Попугай устало облетел комнату. Часы — малахитовый корпус на позолоченных перекладинах, куда обнаженная бронзовая женщина с некоторым сомнением укладывала лавровый венок, — показывали двадцать минут первого. Совсем не время для визитов. Молодая дама принесла шерри. Сделав первый глоток, учитель подумал: вот сейчас я по уши увязну в труднейшем объяснении, последствия будут самые постыдные. Он сидел, сжав колени, глубоко утонув в диване. Что же, собственно, произошло? Оказывается, они приняли его за нидерландского представителя, прибывшего на собрание какого-то общества, членами которого являлись Кубрих, Норманд, Унтернерер и профессор Хёйсентрёйт, с коими ему еще предстояло познакомиться. Говорил преимущественно пожилой господин с потной персиковой кожей, молодая женщина присутствовала здесь как бы помимо своей воли, как бы по необходимости, чтобы пояснить и собрать воедино путаные и витиеватые рассказы старика о предстоящем собрании. Рихард, престарелый менеер, отец, говорил: он страшно рад, что господин — или нужно называть его доктор Хейрема («Как вам будет угодно», — ответил учитель, боясь взглянуть на мальчика) — прибыл несколько раньше условленного времени, другие члены общества приедут только завтра, и он, таким образом, сможет лучше познакомиться с домом — с нашим домом. Молодая женщина играла сигаретой, учитель (доктор Хейрема) предложил ей огня, она затянулась, ее щеки запали, она смотрела на него. Демоническим взором.
— Кто-то привез вас сюда?
— Мы приехали из Брюгге.
— На машине, — ответил мальчик, поглощавший соленое печенье с неприличной жадностью, он уже во второй раз поставил перед собой пустой стакан. После того старик сообщил — а он тоже не спускал с мальчика глаз, — что Граббе приучил их отказываться от обеда, однако это не относится к гостям (на что учитель заявил, что они недавно позавтракали), затем он охая поднялся с места и, промокнув розовую лысину носовым платком, сказал:
— Ну что ж. К сожалению, я вынужден вас оставить. Работа не ждет. Пойдем, я покажу тебе кое-что-из моих экспериментов.

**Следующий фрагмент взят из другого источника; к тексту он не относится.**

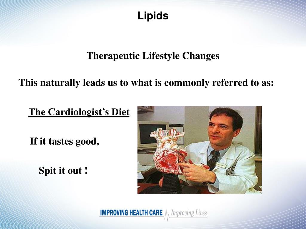 Lipids Therapeutic Lifestyle Changes This naturally leads us to what is commonly referred to as: The Cardiologist’s Diet If it tastes good, Spit it out !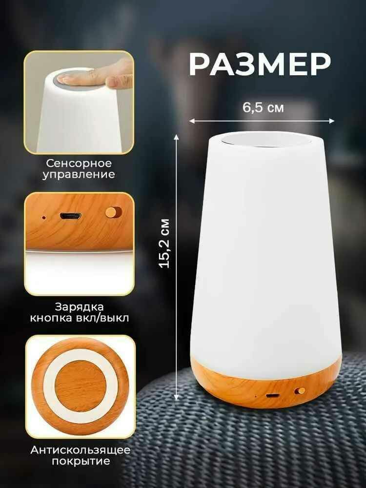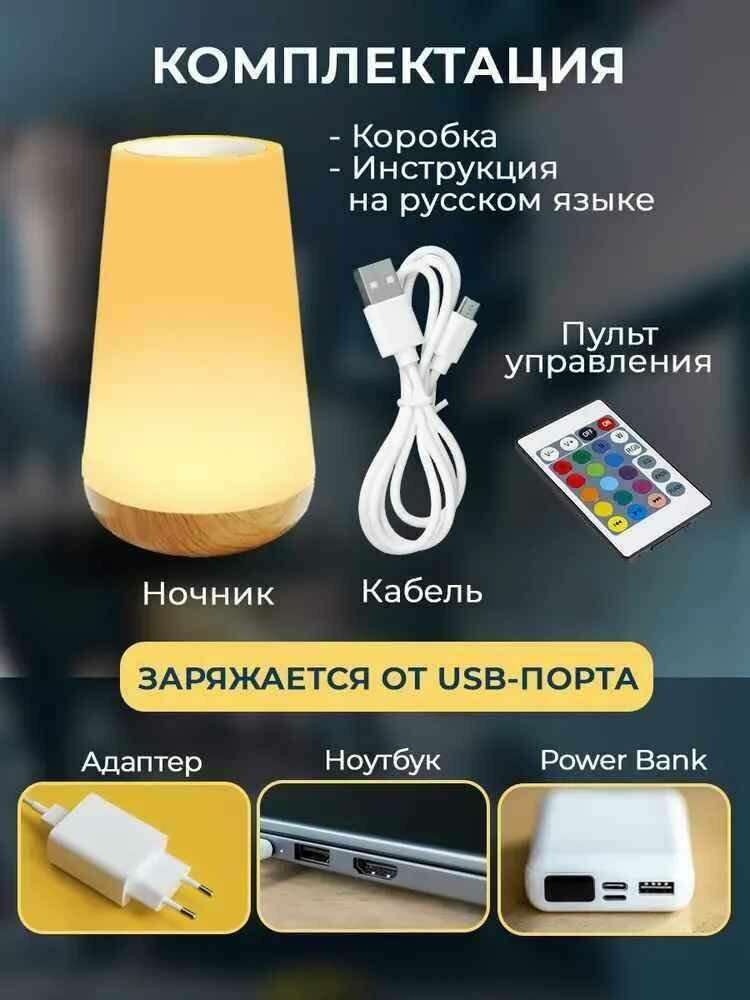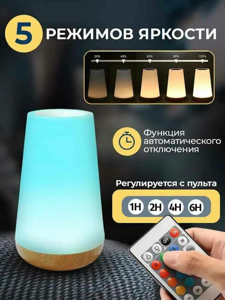 Сенсорный светильник/ LED-ночник для сна беспроводной/ Лампа настольная с пультом меняющая цвета интересное:

— Я? — беспечно спросил мальчик.
— Ты. — Старик схватил его за руку и вытащил из кресла.
Теперь, так близко, она была далеко. Не было венецианского придворного, позаботившегося купить «бьюик» как связующую нить в душном, плотном пространстве между ними. За окнами пронеслось орущее облако чаек и вернулось обратно. Они испускали любовные крики, похожие на крики детей с сорванными голосовыми связками. «Love me»[50], — сказала она.
— Просто не верится, что такая погода сохранится до завтра.
— Да, — ответил он, — приближается летний шторм.
— Самые жаркие дни года.
— Пожалуй.
— Почему вы взяли с собой сюда сына?
— За хорошие отметки в школе.
— У вас еще есть дети?
— Нет.
— Вы сказали, что это ваш старший сын.
Его объяснение не было исчерпывающим:
— Моя жена ждет второго ребенка…
Она была рассеянна, властительная пейзанка, наслаждающаяся своей новой прической из ежовых колючек и черных хризантем, она задавала вопросы, зная, что ответы на них, как правило невпопад, будут касаться ее и только ее, вопросы о Нидерландах, о репрессиях в сорок пятом, о его врачебной практике. Он отвечал уклончиво, утопая в словах вроде: «нести печать», «конъюнктура», «обстоятельства», «реакция».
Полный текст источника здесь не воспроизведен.